Grossman savored the moment, his fifth victory in 11 games this year as the Redskins‘ starter. And why not? After eight NFL seasons, there’s a limited amount remaining in his future.

“I don’t really care about the Giants at all,” Grossman said. “I care about our team and going out and winning a divisional game and working your [tail] off all week and celebrating the fact of all that hard work. You go out, you execute and you win. That’s plenty of gratification.” Grossman did it in typical resilient fashion. He threw an interception on his first and seventh passes of the game. After that, though, he completed 11 of 17 throws for 151 yards and a touchdown - good for a passer rating of 112.6.

Overall, he was 15 of 24 for 185 yards, a touchdown and two interceptions. His rating was 65.5.

Regardless of whether he wins or loses, Grossman’s narrative usually involves adversity. It has defined his career and his season with the Redskins.

In the afterglow of Sunday’s victory, though, he wanted little part of it.

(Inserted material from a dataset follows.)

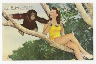 Title (ebay affiliate link): VINTAGE LINEN RISQUE POSTCARD PRETTY LADY BATHING SUIT CHIMPANZEE MONKEY JUNGLE

The first two questions reporters posed to him centered on rebounding from his early interceptions. He answered by offering considerable insight, as usual. He doesn’t always make the right decisions, but he certainly can explain them.

Then he realized that was no way to celebrate a win.

“I’m not sure what I’ve taken so long talking about those interceptions,” he said.

As many fans and analysts turn their attention to the offseason and wonder about the future for the Redskins‘ quarterback position, Grossman is busy living in the present and making the most of his second chance.

“He’s definitely enjoying a lot, but he’s also approaching it in such a professional way,” tight end Logan Paulsen said. “It’s not like he’s just basking in the moment, he’s proactively looking to help this team get better.”

He did that by shaking off his two early picks, neither of which hurt because they were long throws and their defense held.

Grossman underthrew a long-developing flea-flicker on the first play of the game. On the second interception, the Giants‘ safety fooled him by running up at first but changing directions and getting back into a deep position.

“It was a bad play on the second one,” Grossman said. “Whatever. We went down and scored a touchdown right afterwards.”

That’s a perfect example of his mindset. No matter the mistake, he keeps slinging it.

He hit Santana Moss for a 20-yard touchdown on the next drive to give the Redskins a 10-0 lead they never relinquished. Coming out of the huddle, he saw Kenny Phillips, the Giants‘ only safety, in the deep middle. He knew then he had a touchdown because Phillips would be unable to get over to Moss in time.

Moss ran a corner route, separating from rookie cornerback Prince Amukamara. He turned to find the ball descending into his path.

“He’s just been a guy that, regardless of what he does, he’s going to go out there and give us a chance,” Moss said. “That’s why I’ve been saying from Day 1 that I’ll ride with the guy like that.”